## ACTION ITEM
Every record below must come back exactly as written, with the images dropped.

## INPUT

___

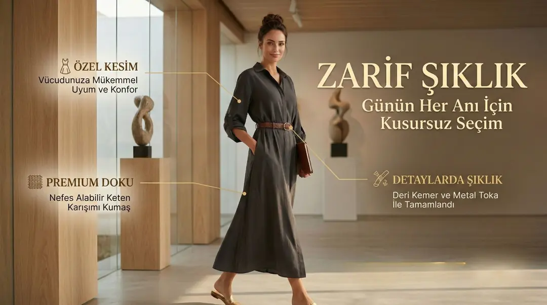 • Kadın Modal Uzun Gömlek Elbise
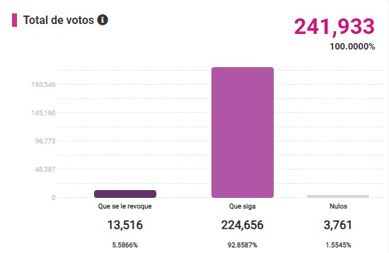El gran apoyo que le brindan las y los tlaxcaltecas al mandatario federal fue refrendado durante el proceso electoral, pues de 241 mil 933 el 92.85 por ciento opinó que debe seguir, mientras que el 5.58 por ciento dijo que se le debe revocar y el 1.55 por ciento fue votos nulos.
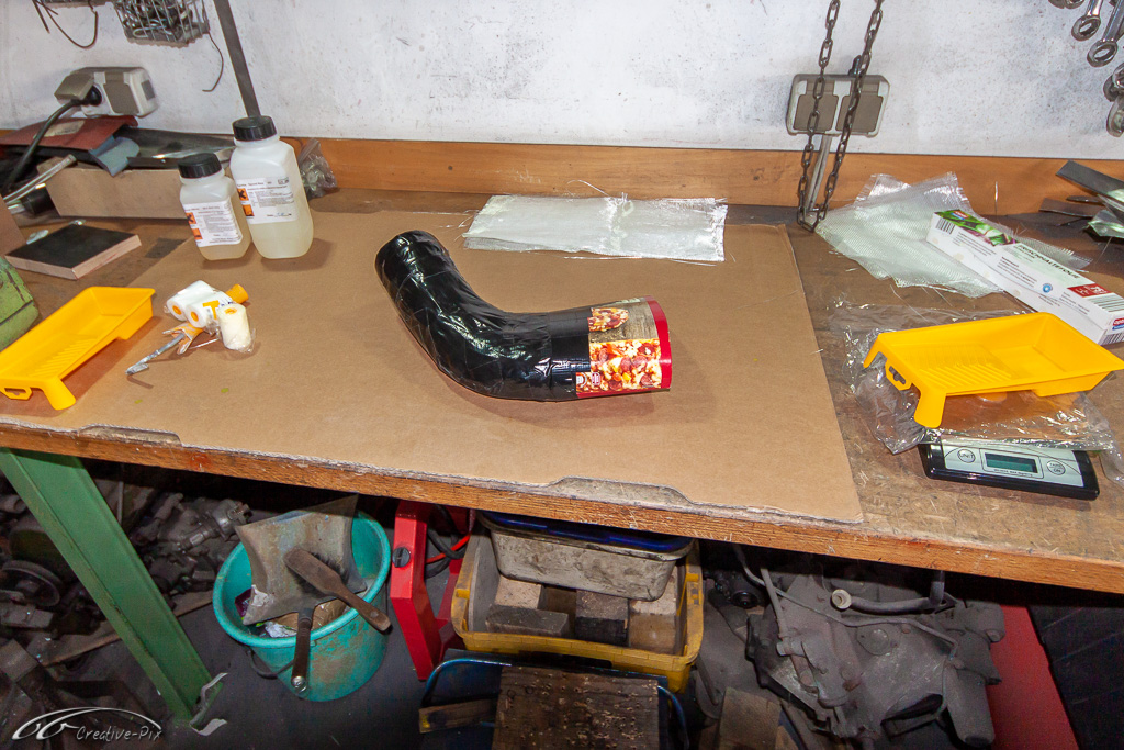 Nun galt es den passenden Luftsammler anzufertigen, der in den Frischluftschlauch mündet. Diesen habe ich aus GFK gebaut. Aus Zeitungspapier und viel Klebeband habe ich die Form gebaut.
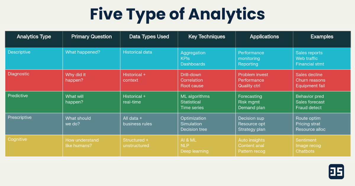 From basic historical reporting to AI-powered cognitive insights, these analytics types form a comprehensive framework that enables businesses to maximize the value of their data investments.
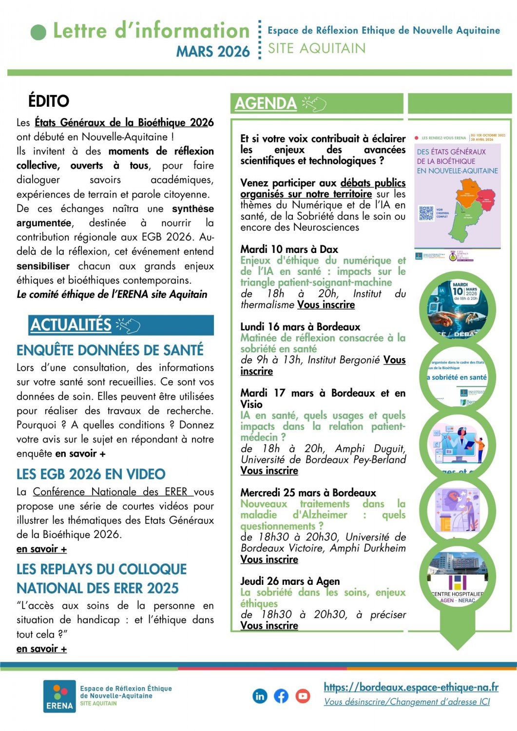 Retrouvez la Lettre d'information de l'Espace de Réflexion Ethique de Nouvelle-Aquitaine - ERENA site d'appui Aquitain de mars 2026 !
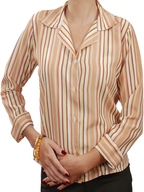 Camisa social feminina de crepe de seda listrada bege
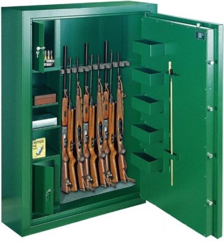 Trezor na desať zbraní SPORTN 10 EL PREMIUM.Trezor na zbrane Sport N Premium má ochranu 30/30RU jednotiek. Moderná konštrukcia garantuje najvyššiu bezpečnosť.Zámok je špeciálne chránený pancierovaním. Možné dodať iba v zelenej farbe RAL 6020.V ľavej časti trezoru oddelené prepážkou od priestoru na zbrane ...viac
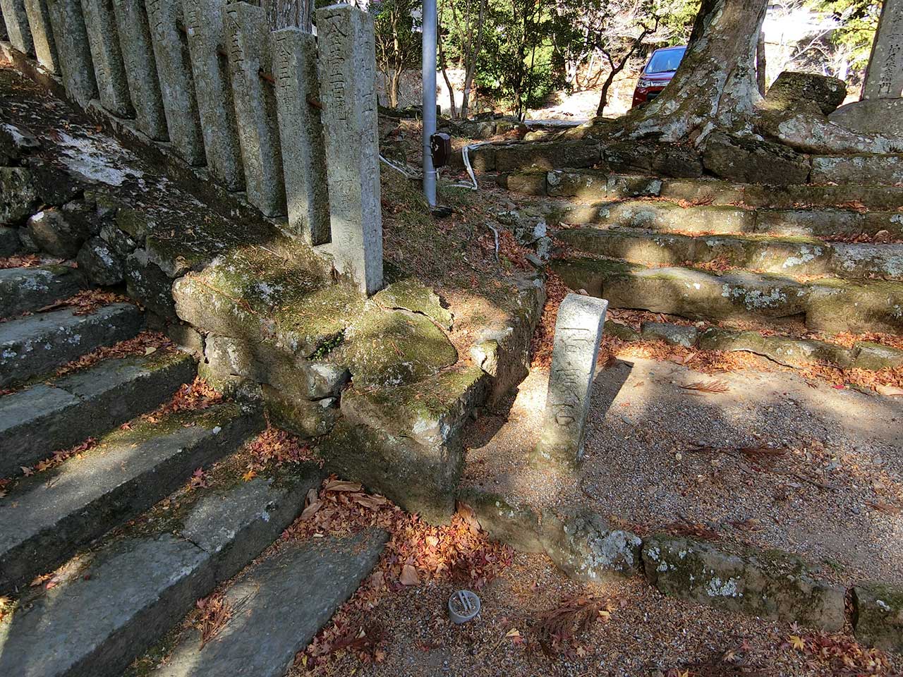 お百度石の設置場所としてはなかなかキビシイ場所だ。
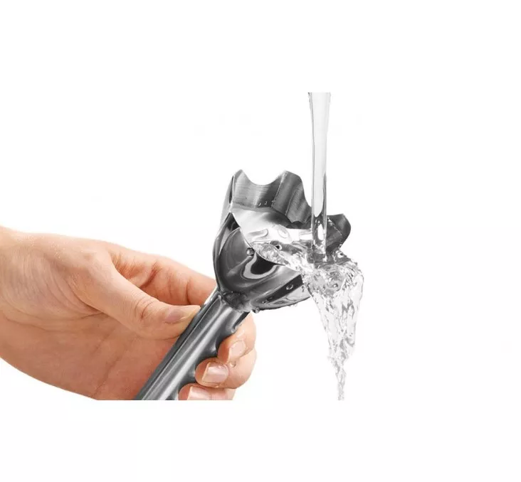 система EasyClick, технологии SplashControl и PowerBell Plus; прорезиненная ручка, насадки можно мыть в посудомоечной машине
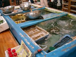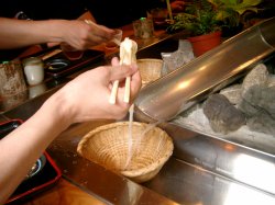 本日のメインイベント もみじ苑の流しそうめん (食べ放題1,000円 /つゆのおかわり350円) ↓ 実用新案を取得しているらしい 流しそうめん装置の裏側 |
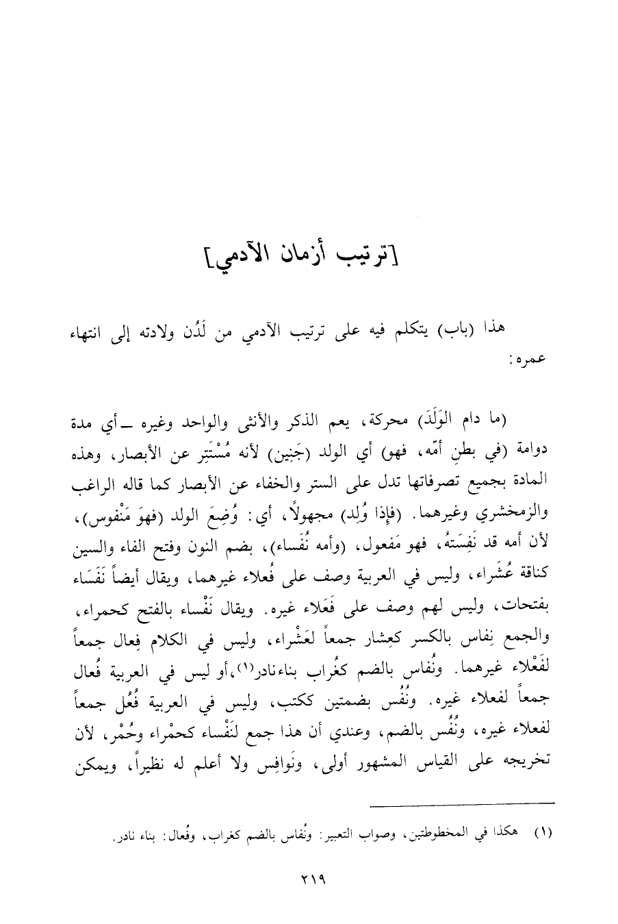 هذا (باب) يتكلم فيه على ترتيب الآدمي من لدن ولادته إلى انتهاء عمره:
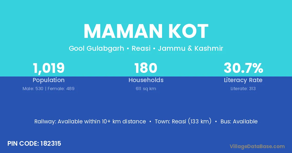 According to Census 2011 information, the village code of Maman Kot village is 182315.
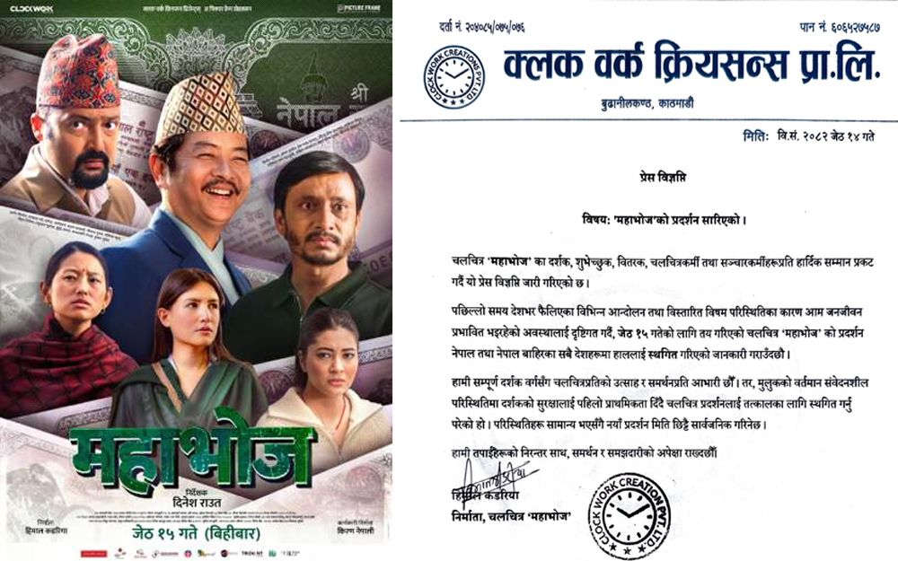 विज्ञप्तिमा भनिएको छ, ‘पछिल्लो समय देशभर फैलिएका विभिन्न आन्दोलन तथा विस्तारित विषम् परिस्थितिका कारण आमजनजीवन प्रभावित भइरहेको अवस्थालाई दृष्टिगत गर्दै, चलचित्र महाभोजको प्रदर्शन नेपाल तथा नेपालबाहिरका सबै देशमा हाललाई स्थगित गरिएको जानकारी गराउँदछौँ ।’
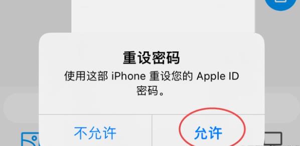 6、打开自己的苹果手机,会收到一个重设密码的通知,点击“允许”。随后会让输入手机密码,再之后的操作就和上述方式一输入手机号码之后的步骤是一样的。
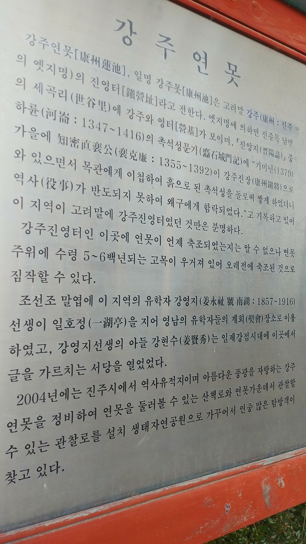 들어가는 입구 정문이라고 해야 하나요. 안내판 앞입니다.
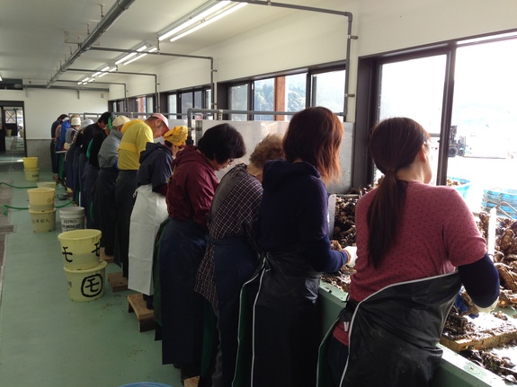 (石巻牡鹿半島の生産者が牡蠣剥きをしている様子)
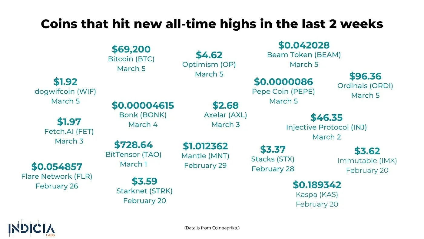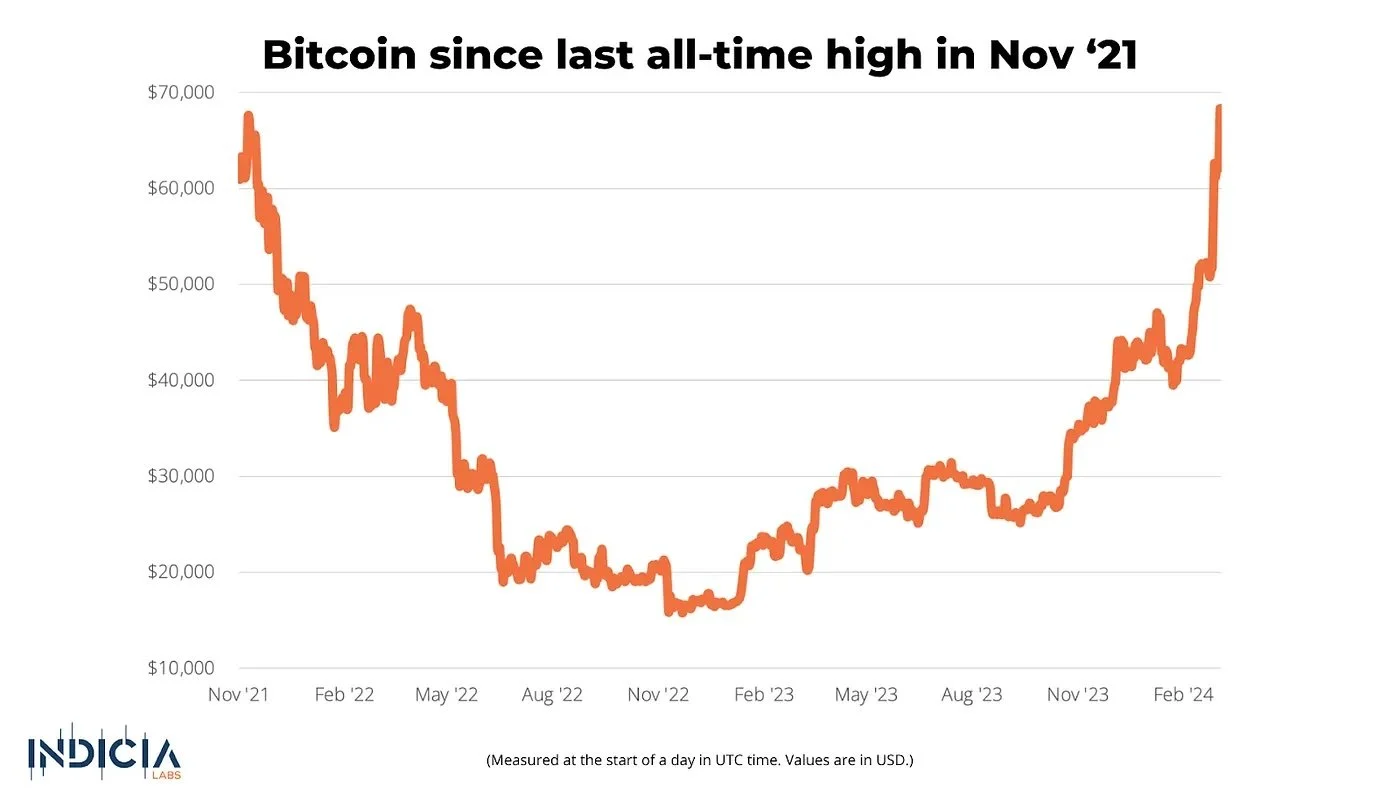 Last week, we wrote that Bitcoin was only USD 12,000 away from its all-time high. That’s no longer true this week. Bitcoin (BTC) has broken its all-time high against the US Dollar. On Tuesday, March 5, Bitcoin traded above USD 69,200, establishing a new USD all-time price record.
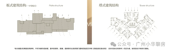 ×塔楼:混合朝向,并非户户朝南,户型间存在遮挡,容易产生对视,室内空气流线差,换气效果相对较差。
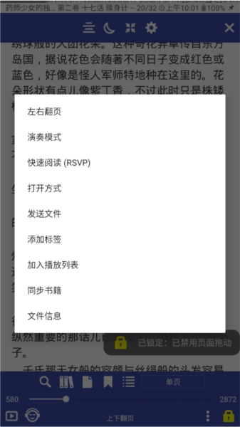 进入书籍阅读界面后,先设置阅读翻页模式。
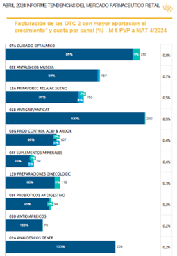 Según el informe farmacéutico “retail”, es decir el de las farmacias, elaborado por la consultora IQVIA, el mercado de productos OTC ha experimentado un crecimiento del 5,8% respecto al mismo mes del año 2023.
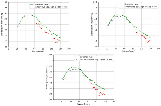 Figure 9 show depict the average annual increments of spruce wood volume in a sample of 100,000 forest stands in Poland, as well as the average increments in forest stands affected by external factors: insects, fungi and climate. The age of trees, for which the growth differences are statistically significant, has been highlighted.

___

## REPLY
 • Kadın Modal Uzun Gömlek Elbise
El gran apoyo que le brindan las y los tlaxcaltecas al mandatario federal fue refrendado durante el proceso electoral, pues de 241 mil 933 el 92.85 por ciento opinó que debe seguir, mientras que el 5.58 por ciento dijo que se le debe revocar y el 1.55 por ciento fue votos nulos.
 Nun galt es den passenden Luftsammler anzufertigen, der in den Frischluftschlauch mündet. Diesen habe ich aus GFK gebaut. Aus Zeitungspapier und viel Klebeband habe ich die Form gebaut.
 From basic historical reporting to AI-powered cognitive insights, these analytics types form a comprehensive framework that enables businesses to maximize the value of their data investments.
 Retrouvez la Lettre d'information de l'Espace de Réflexion Ethique de Nouvelle-Aquitaine - ERENA site d'appui Aquitain de mars 2026 !
 Camisa social feminina de crepe de seda listrada bege
 Trezor na desať zbraní SPORTN 10 EL PREMIUM.Trezor na zbrane Sport N Premium má ochranu 30/30RU jednotiek. Moderná konštrukcia garantuje najvyššiu bezpečnosť.Zámok je špeciálne chránený pancierovaním. Možné dodať iba v zelenej farbe RAL 6020.V ľavej časti trezoru oddelené prepážkou od priestoru na zbrane ...viac
 お百度石の設置場所としてはなかなかキビシイ場所だ。
 система EasyClick, технологии SplashControl и PowerBell Plus; прорезиненная ручка, насадки можно мыть в посудомоечной машине
 本日のメインイベント もみじ苑の流しそうめん (食べ放題1,000円 /つゆのおかわり350円) ↓ 実用新案を取得しているらしい 流しそうめん装置の裏側 |
 هذا (باب) يتكلم فيه على ترتيب الآدمي من لدن ولادته إلى انتهاء عمره:
 According to Census 2011 information, the village code of Maman Kot village is 182315.
 विज्ञप्तिमा भनिएको छ, ‘पछिल्लो समय देशभर फैलिएका विभिन्न आन्दोलन तथा विस्तारित विषम् परिस्थितिका कारण आमजनजीवन प्रभावित भइरहेको अवस्थालाई दृष्टिगत गर्दै, चलचित्र महाभोजको प्रदर्शन नेपाल तथा नेपालबाहिरका सबै देशमा हाललाई स्थगित गरिएको जानकारी गराउँदछौँ ।’
 6、打开自己的苹果手机,会收到一个重设密码的通知,点击“允许”。随后会让输入手机密码,再之后的操作就和上述方式一输入手机号码之后的步骤是一样的。
 들어가는 입구 정문이라고 해야 하나요. 안내판 앞입니다.
 (石巻牡鹿半島の生産者が牡蠣剥きをしている様子)
 Last week, we wrote that Bitcoin was only USD 12,000 away from its all-time high. That’s no longer true this week. Bitcoin (BTC) has broken its all-time high against the US Dollar. On Tuesday, March 5, Bitcoin traded above USD 69,200, establishing a new USD all-time price record.
 ×塔楼:混合朝向,并非户户朝南,户型间存在遮挡,容易产生对视,室内空气流线差,换气效果相对较差。
 进入书籍阅读界面后,先设置阅读翻页模式。
 Según el informe farmacéutico “retail”, es decir el de las farmacias, elaborado por la consultora IQVIA, el mercado de productos OTC ha experimentado un crecimiento del 5,8% respecto al mismo mes del año 2023.
 Figure 9 show depict the average annual increments of spruce wood volume in a sample of 100,000 forest stands in Poland, as well as the average increments in forest stands affected by external factors: insects, fungi and climate. The age of trees, for which the growth differences are statistically significant, has been highlighted.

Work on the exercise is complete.